Depuis des millénaires, « l’arbre aux quarante écus » fait partie de la pharmacopée chinoise. Ses effets thérapeutiques ont été étudiés en Occident à partir des années 1950. Aujourd’hui, des extraits de feuilles ou de graines grillées de ginkgo entrent dans la composition de produits pharmaceutiques. Loin de caracoler au top des ventes, ces derniers ont pourtant une place bien identifiée en phytothérapie.
Mécanismes d’action potentiels
Les extraits de ginkgo contiennent des polyphénols, des flavonoïdes anti-oxydants et des terpénolactones (ginkgolides, bilobalides) dotés de propriétés anticoagulantes. En outre, des tests in vitro suggèrent des effets protecteurs sur les parois des vaisseaux sanguins : augmentation du tonus veineux, diminution de la perméabilité des capillaires... Certaines études en laboratoire suggèrent des effets neuroprotecteurs dont les bases moléculaires restent à élucider. Ces propriétés pourraient expliquer l’efficacité vantée du ginkgo dans plusieurs pathologies (voir ci-dessous).
Efficacité et EI
Le ginkgo a surtout été étudié dans les troubles cognitifs ainsi que dans l’AOMI. Plusieurs publications portent aussi sur la DMLA, les symptômes post-AVC ischémique ou encore les acouphènes.
À l’échelle internationale, l’OMS indique qu’il ne présente aucun bénéfice en cas de troubles cognitifs. Une revue Cochrane de 2026 (82 essais randomisés inclus, plus de 10 000 participants) évoque des effets négligeables voire nuls dans les troubles cognitifs légers.

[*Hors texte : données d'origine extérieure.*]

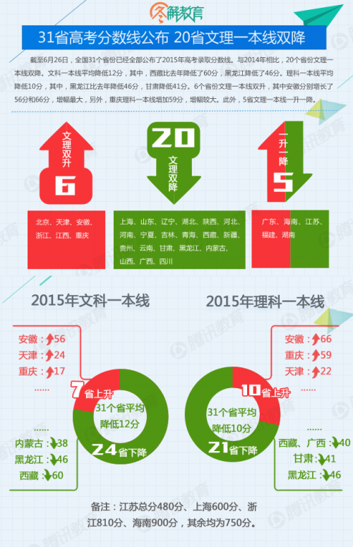 截至6月26日,全國(guó)31個(gè)省份已經(jīng)全部公布了2015年高考錄取分?jǐn)?shù)線。與2014年相比,20個(gè)省份文理一本線雙降。文科一本線平均降低12分,其中,西藏比去年降低了60分,黑龍江降低了46分。理科一本線平均降低10分,其中,黑龍江比去年降低46分,甘肅降低41分。6個(gè)省份文理一本線雙升,其中安徽分別增長(zhǎng)了56分和66分,增幅最大,另外,重慶理科一本線增加59分,增幅較大。此外,5省文理一本線一升一降。
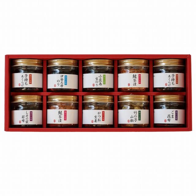 【竹の子山椒】竹の子(中国産)、蛋白加水分解物、砂糖、実山椒/ソルビット、調味料(アミノ酸等)、甘味料(ステビア、甘草)、増粘多糖類、(一部に大豆を含む)【子持ち木くらげ】木耳(中国産)、醤油、砂糖、魚卵、しその実/ソルビット、調味料(アミノ酸等)、香料、甘味料(ステビア、甘草)、酸味料、増粘多糖類、(一部に大豆・小麦を含む)【しその実若布】若布(国産)、蛋白加水分解物、砂糖、しその実/ソルビット、調味料(アミノ酸等)、香料、甘味料(ステビア、甘草)、(一部に大豆を含む)【伊勢志摩のり】のり(伊勢志摩産)、醤油、水飴、 砂糖、味醂/調味料(アミノ酸等)、カラメル色素、増粘多糖類、(一部に大豆・小麦を含む)【小豆島生のり】のり(小豆島産)、醤油、砂糖、味醂、清酒、水飴、酵母エキス/増粘多糖類、(一部に大豆・小麦を含む)【ごま昆布】昆布(国産)、醤油、砂糖、水飴、ごま/ソルビット、 調味料(アミノ酸等)、甘味料(ステビア、甘草)、増粘多糖類、(一部に大豆・小麦・ごまを含む)【かつお生姜】生姜(国産)、醤油、砂糖、かつお削りぶし、ごま、かつお節エキ ス、食塩/ソルビット、調味料 (アミノ酸等)、酸味料、(一部に大豆・小麦・ごまを含む)【鮭茶漬】鮭ほぐし身(鮭(国産)、食塩)、植物油脂、食塩、発酵調味料/調味料 (アミノ酸等)、トレハロース、着色料(カロチノイド、クチナシ)、(一部にさけ・小麦・大豆を含む)
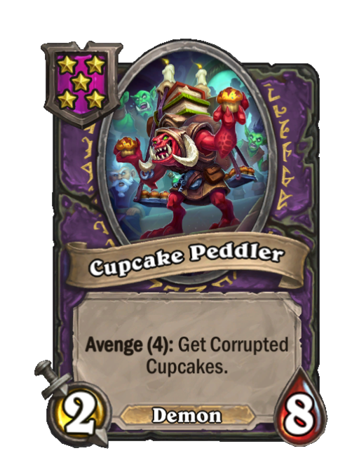Cupcake Peddler is a Tier 5 Demon Minion in Hearthstone Battlegrounds with 2/8 stats featuring Avenge. Effect: Avenge (4): Get Corrupted Cupcakes. This card is no longer in the pool (Legacy).
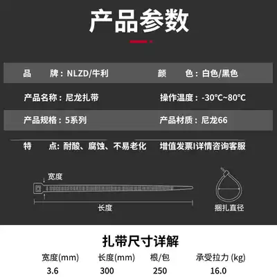 Nylon cable tie Plastic buckle Self-locking 5x300 cable management lashing belt buckle Strong cable tie Black cable tie
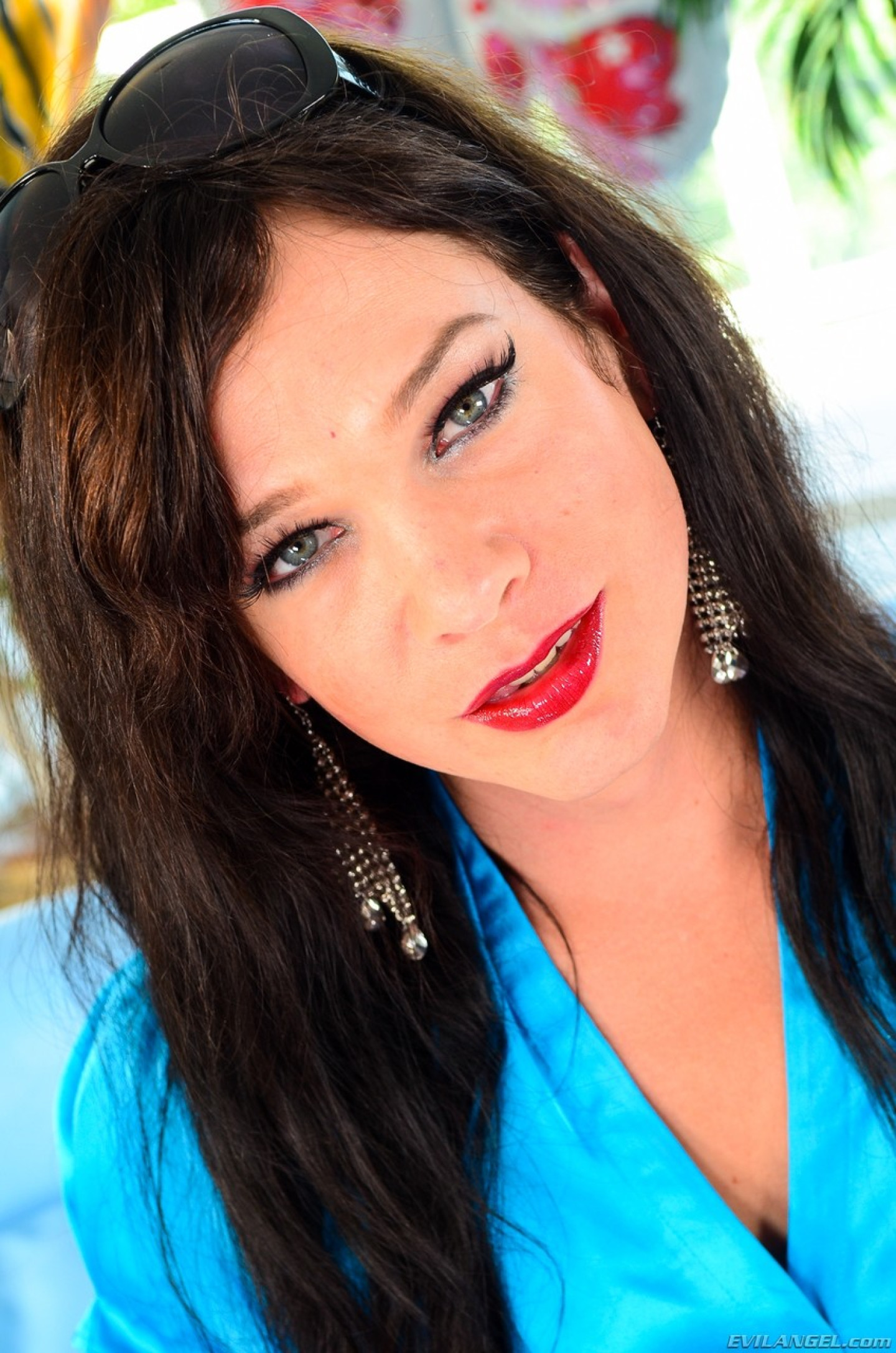 Gorgeous brunette shemale in fishnets bares tiny tits & impressive erection
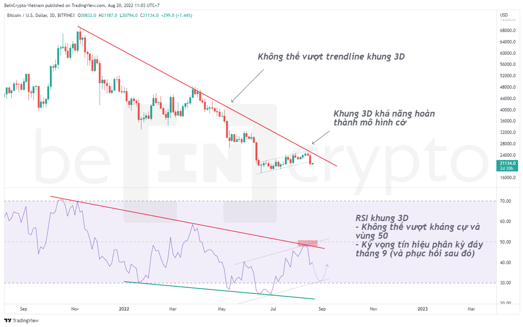 Như bài phân tích kỹ thuật BTC tháng 8 với RSI trước đó, giá BTC không thể vượt qua được những kháng cự quan trọng trong khung 3 ngày (3D). Tâm lý thị trường vẫn chưa thoát khỏi trạng thái sợ hãi.
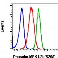 Fig-1: Flow cytometric analysis of Hela cells secondary antibody only negative control (blue) or treated with imatinib (red) or treated with pervanadate (green) using Phospho-MEK1 (S298) antibody MEK1S298-H8 0.5 µg/mL.

Le consensus 2024 de la Société européenne de cardiologie sur l’AOMI déconseille le ginkgo, en écho à une synthèse de 2013 qui aboutit à l’absence de preuves de bénéfice clinique.
Les études Cochrane sur la DMLA, les acouphènes et la récupération post-AVC ischémique sont aussi peu concluantes.

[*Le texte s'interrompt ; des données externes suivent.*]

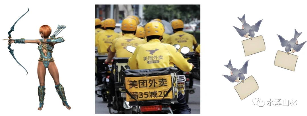 一个关键点:不管是射箭的妹子,还是骑手小哥,还是传书飞鸽,他们的起点/出发点都是物品侧。
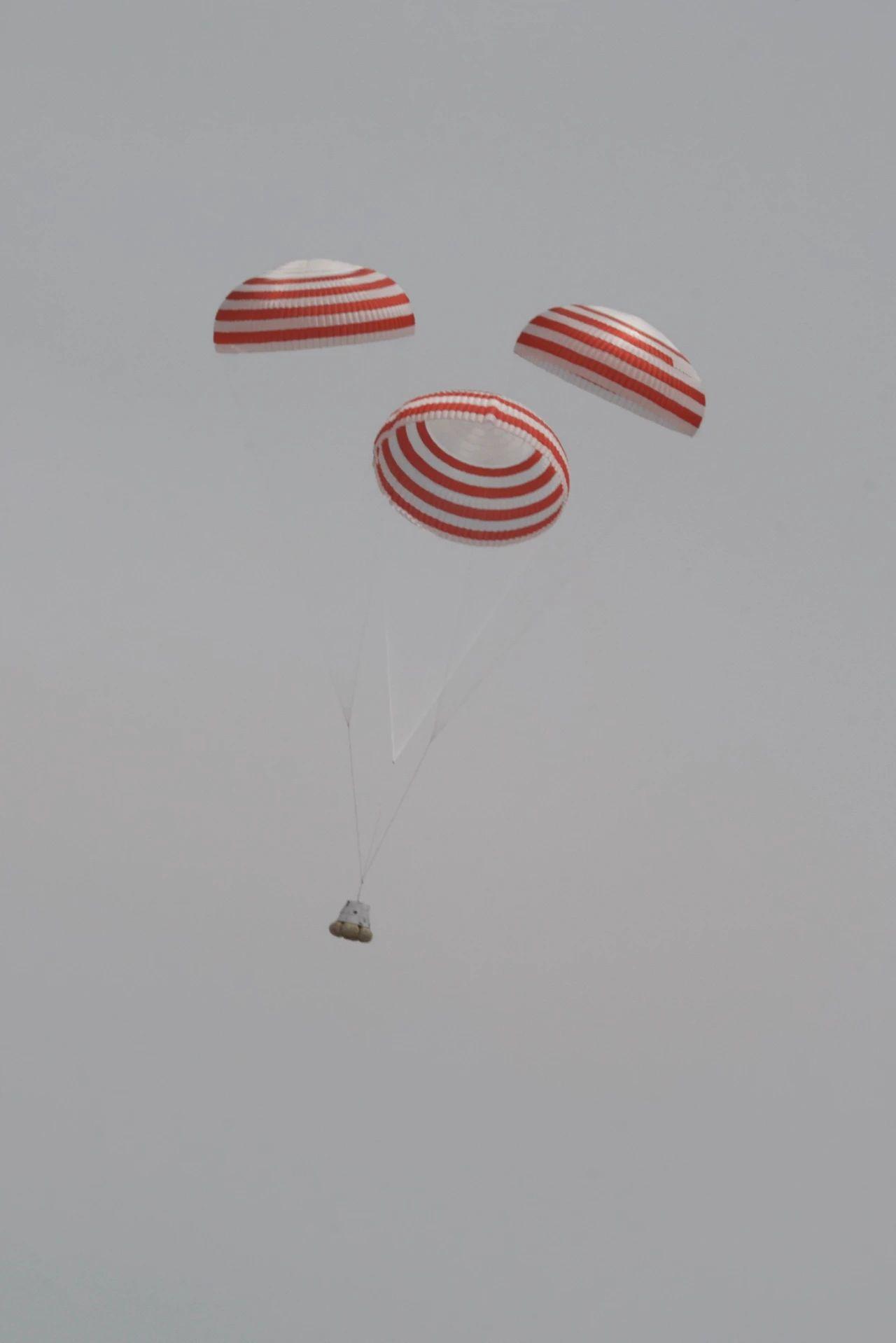 12時(shí)30分,下達(dá)點(diǎn)火指令,夢(mèng)舟載人飛船逃逸發(fā)動(dòng)機(jī)成功點(diǎn)火,船塔組合體在固體發(fā)動(dòng)機(jī)推動(dòng)下騰空而起,約20秒后達(dá)到預(yù)定高度,返回艙與逃逸塔實(shí)現(xiàn)安全分離,降落傘順利展開(kāi)。12時(shí)32分,返回艙使用氣囊緩沖方式安全著陸于試驗(yàn)落區(qū)預(yù)定區(qū)域,試驗(yàn)取得圓滿成功。
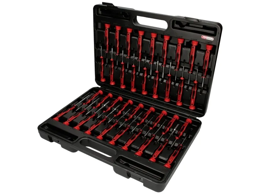 Finmekanik-skruetrækker-sæt, 37-dele Sikker mod elektrostatik. Med hurtigdreje-endekappe. Ergonomisk formet elektronik-skruetrækker. Med tokomponentgreb. Ghærdede klinger. Forkromet med bruneret spids. Klinge af krom/vanadium. I stabil plastkuffert.
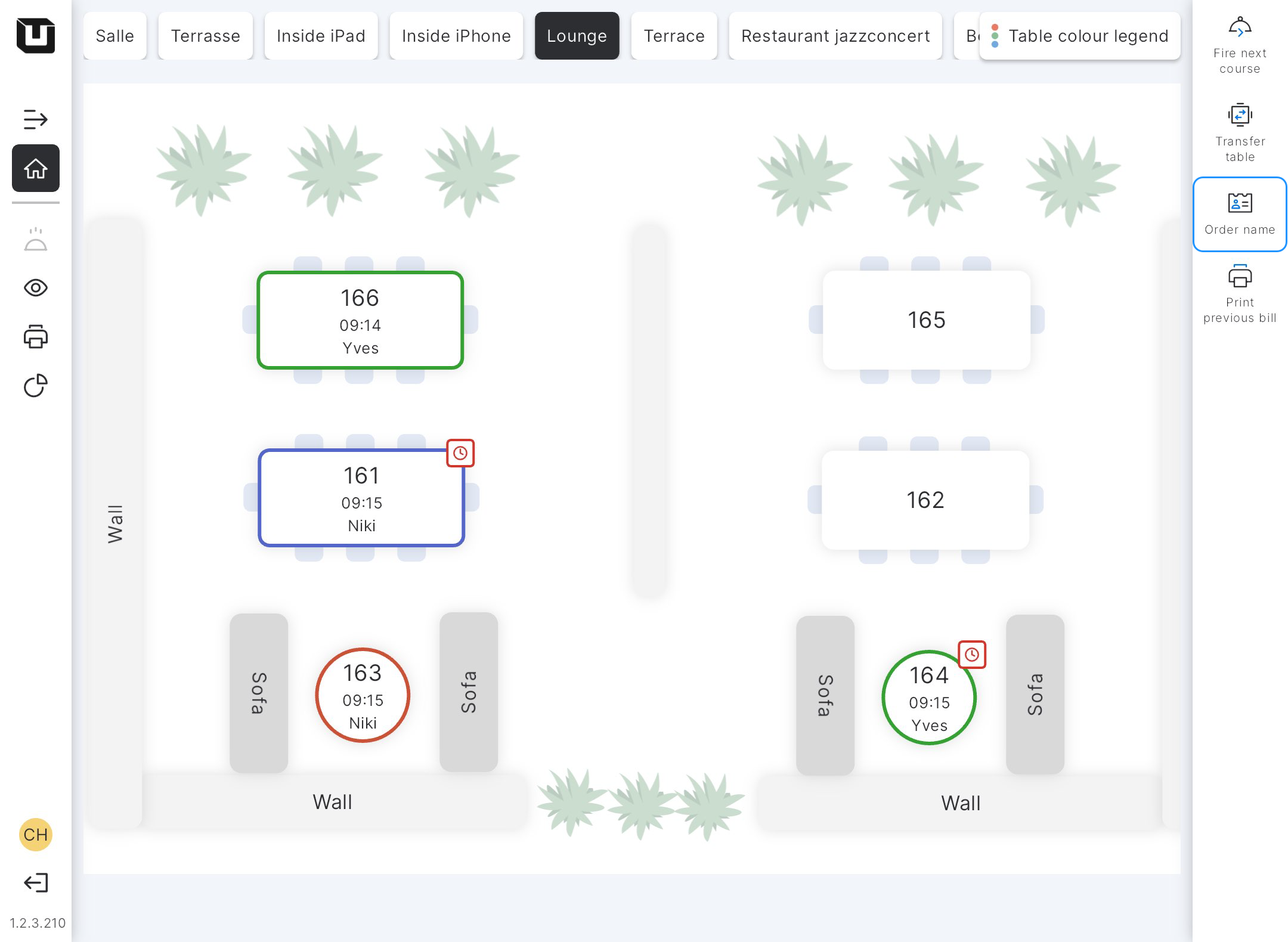 - The name will be displayed on a table insted of the table number. So, you can see the name of the client on the top, time in the middle, and the user's name at the bottom.

Les travaux notent de rares EI légers (maux de tête, vertiges, douleurs abdominales, nausées...). Les RCP listent des EI plus graves, de fréquence indéterminée : saignements, réactions d’hypersensibilité... Les données de pharmacovigilance françaises comptabilisent 362 déclarations d’EI suspectés entre 2014 et 2024, remplies à 81 % par un médecin ou un pharmacien. Les nausées et vomissements arrivent en tête, suivis par les asthénies et les affections cutanées.
Médicament vs complément alimentaire : les règles européennes
Les compléments alimentaires au ginkgo n’ont pas de composition type. Ils sont contre-indiqués chez la femme enceinte, avant l’âge de 18 ans, en cas d’épilepsie, et dans les 4 jours avant un acte invasif programmé. Leur étiquetage doit comporter l’avertissement suivant : « Consultez votre médecin en cas de prise simultanée d’anticoagulants ». Ils n’ont pas d’allégation de santé autorisée.
Les médicaments ont une concentration standardisée en principes actifs : 22 - 27 % de flavonoïdes, 5 - 7 % de terpénolactones. Ils sont administrés sous forme de comprimés, gélules ou solution buvable à la dose de 120 à 240 mg/j.
Et en France ?
Huit médicaments sont commercialisés : Ginkgo 40 mg cp (Arrow Conseil, EG Labo Conseil, Biogaran), Ginkogink (solution), Ginkor Fort (gélule), Tanakan (40 mg cp et 40 mg/mL solution), Vitalogink 40 mgcp. La HAS considère qu’ils offrent un service médical rendu insuffisant. Par conséquent, ils ne sont pas remboursés ni soumis à prescription médicale.
Ginkor Fort est utilisé dans les troubles de la circulation veineuse des jambes (sensation de lourdeur, douleurs, impatiences au coucher…), et contre les symptômes liés à la crise hémorroïdaire. Toutes les autres spécialités ont une AMM dans le traitement symptomatique des troubles cognitifs du sujet âgé, hors démence confirmée, maladie de Parkinson, troubles cognitifs iatrogènes ou secondaires à une dépression ou des troubles métaboliques.
Enfin, il existe deux préparations homéopathiques (Boiron et Lehning).